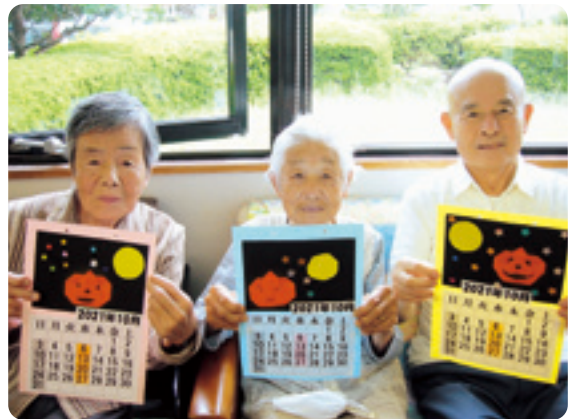
毎月季節に合ったカレンダーを製作しています!
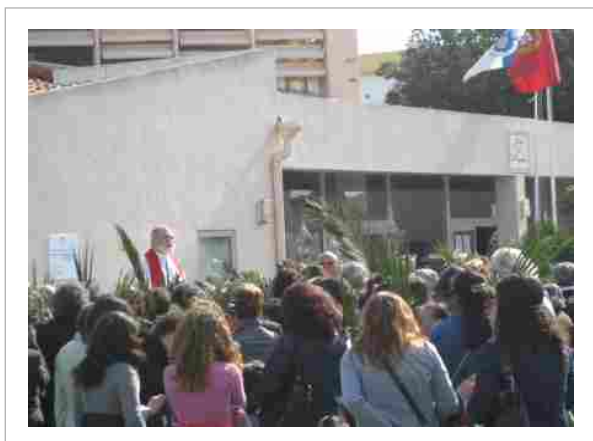
“A Junta apoiou as festividades do Domingo de Ramos”
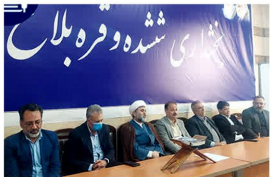
حضور دکتر پزشکی رییس دانشگاه علوم پزشکی فسا در شورای اداری بخش شده و قره بلاغ همزمان با دهه مبارک فجر انقلاب
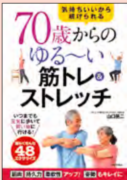
70歳からの ゆる〜い筋トレ&ストレッチ 定価：1,400円+税

介護事業経験のある著者が教える、介護予防のための筋トレ&ストレッチ。無理せずできる簡単なトレーニングで誰でも安心してはじめる。いつまでも元気に歩いて買い物に行ける体を作れば一生介護不要!
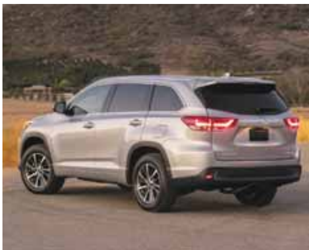
Contra viento y marea. El modelo Highlander supera cualquier terreno. / TOYOTA

Toyota Prius Prime, sin duda la cereza del pastel es este nuevo híbrido enchufable, ya que la propia firma promete hasta 980 kilómetros de autonomía y un manejo en modo completamente eléctrico de hasta 135 km/h. Además, el cargarlo en tomas con corriente de 127 V tardará no más de 3 horas, algo que hoy en día se agradece. Para nuestro mercado aún no está confirmada su llegada, pero creemos que sería una excelente opción y propuesta de auto comprometido con el medio ambiente.
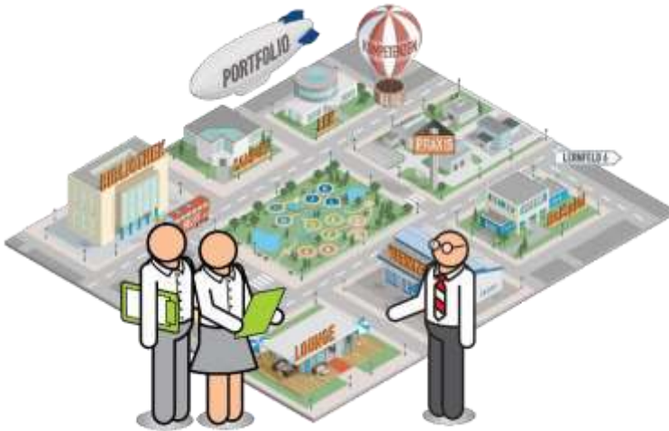
Abbildung 3-2: Sifa-Lernwelt
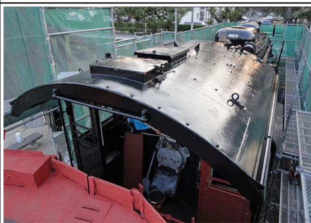
屋根の黒ペイントが完了したところです。

##############################

= Assigned task =
In the material above, please find every line that includes the word "ストレッチ" and copy it.

= Solution to the exercise =
70歳からの ゆる〜い筋トレ&ストレッチ 定価：1,400円+税
介護事業経験のある著者が教える、介護予防のための筋トレ&ストレッチ。無理せずできる簡単なトレーニングで誰でも安心してはじめる。いつまでも元気に歩いて買い物に行ける体を作れば一生介護不要!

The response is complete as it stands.